Recording every word just as Border had some sixty years earlier, Adam Zignelik sat in the temporarily empty dining room of the Emmy Monash Aged Care facility on the corner of Hawthorn and Dandenong roads in Melbourne and listened.

‘You told him about a woman called Rosa Rabinowicz?’

‘Yes.’

‘Are you sure?’

‘Yes, of course.’

‘Do you remember how you identified her?’

‘What do you mean “identified”?’

‘How did you let him know who she was?’

‘I used their names and, where I knew it, I also told him where they were from. I wanted to … I wanted the world to know how brave these girls were. Has there ever been anyone braver?’ Now, for the first time since the interview had started, the old lady had tears in her eyes.

‘Did you remember where Rosa Rabinowicz was from?’

‘Yes, I remembered then and I remember now.’

‘Where was she from?’

‘Rosa? She was from Ciechanow, but she’d spent some time in Warsaw before the war.
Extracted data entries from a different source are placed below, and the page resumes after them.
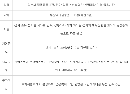한국선박해양 설립은 정부가 지난해 10월 발표한 '해운·조선산업 경쟁력 강화 방안'의 핵심 사업이다. 한국산업은행이 50% 지분을 출자하고 한국수출입은행과 한국자산관리공사가 각각 40%, 10%를 출자해 설립했다.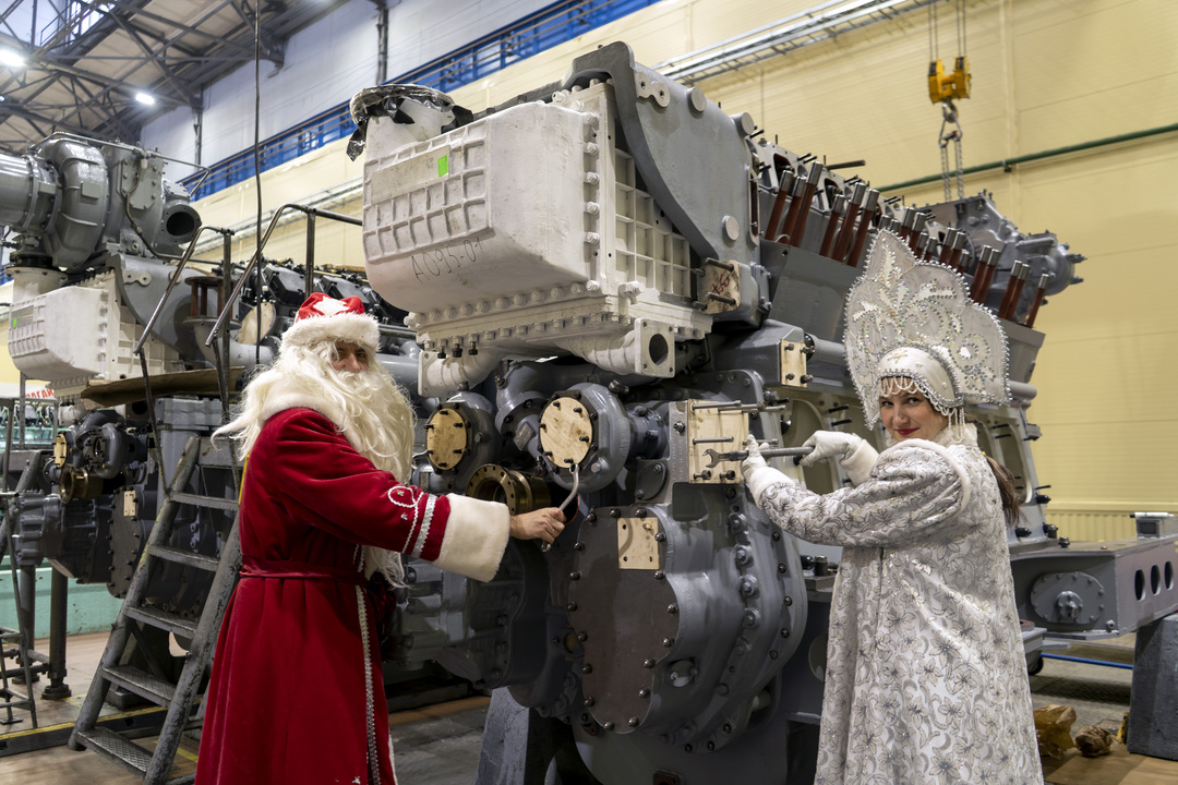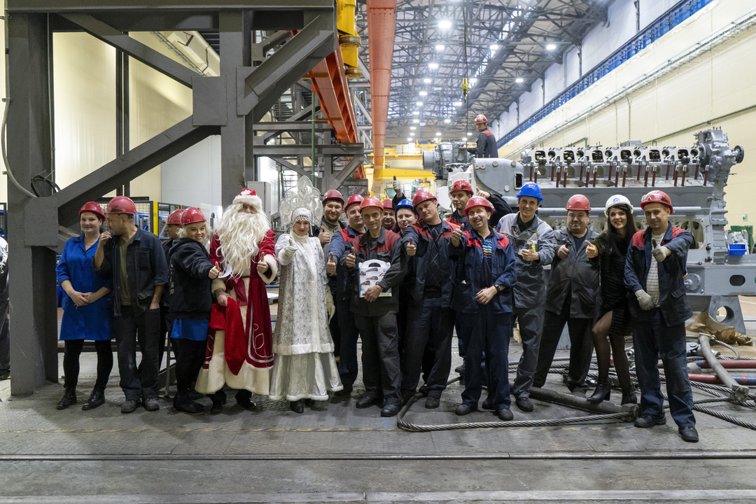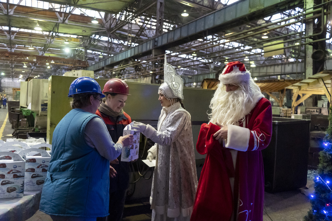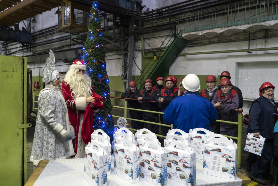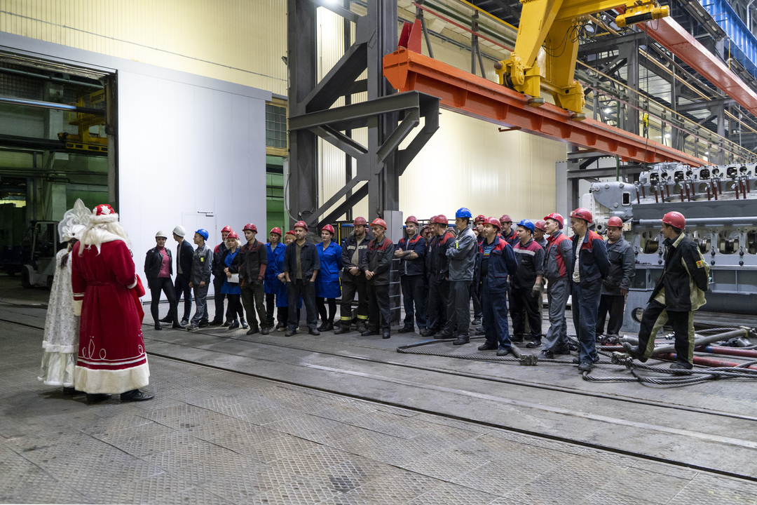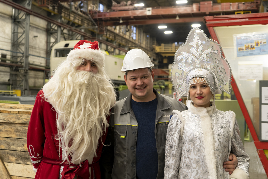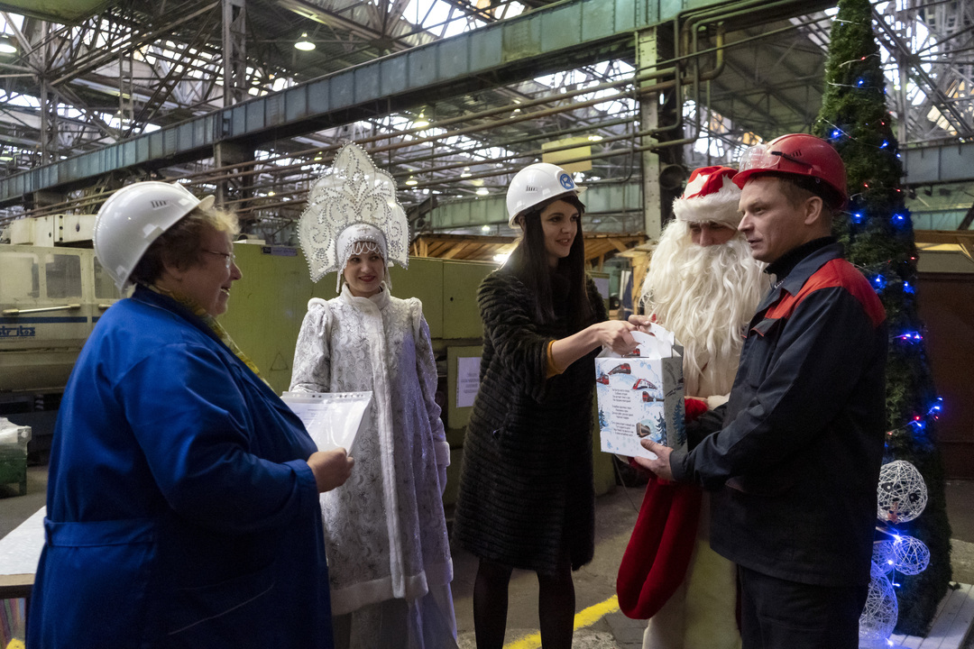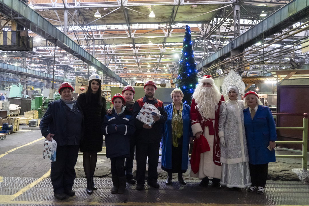 Накануне Нового года на Коломенском заводе побывали Дед Мороз и Снегурочка, которые поздравили заводчан с праздниками и вручили подарки.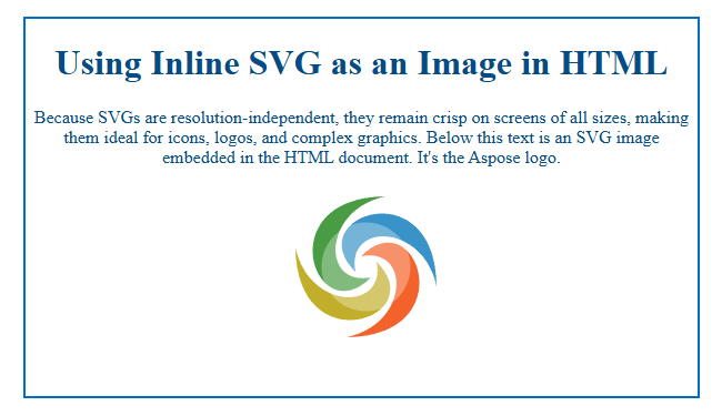 28</html>La siguiente figura ilustra el archivo HTML escrito anteriormente. El archivo utiliza un SVG incrustado, que es el logotipo de la empresa Aspose:

We knew this.’

‘And you definitely told Border?’

‘Yes.’

‘How can you be so sure … all these years later?’

‘Because that was the whole point of talking to him. I wanted to tell him, to tell the whole world what Estusia and Rosa and the other girls had done. I wasn’t going to talk to him, not one word after he had made me miss out on seeing Mrs Roosevelt, but it was because I wanted to tell Estusia’s story and also the story of Rosa and Ala and the others who had got the gunpowder to the
Sonderkommando
that I agreed to put up with his nonsense.’

‘After this second interview, after you’d told him the story … about Rosa Rabinowicz and Estusia and the others … Do you remember how he reacted, what he said?’

‘I don’t know. Who remembers? It was what I wanted to tell him about. Why would I care what he thought?’

‘Yes, of course.’

‘Anyway, isn’t it all on the recording?’ she asked him.

‘It probably is. I haven’t got to your recording yet but I wondered if he said anything else … if you remembered anything that wasn’t recorded for whatever reason.’

‘I don’t know. How could I know what was recorded? Maybe he thanked me. I couldn’t have cared less. I just wanted Estusia’s story to … to go out to the world. This is what I thought he was good for. I was saving the memory of my sister … and the other girls.’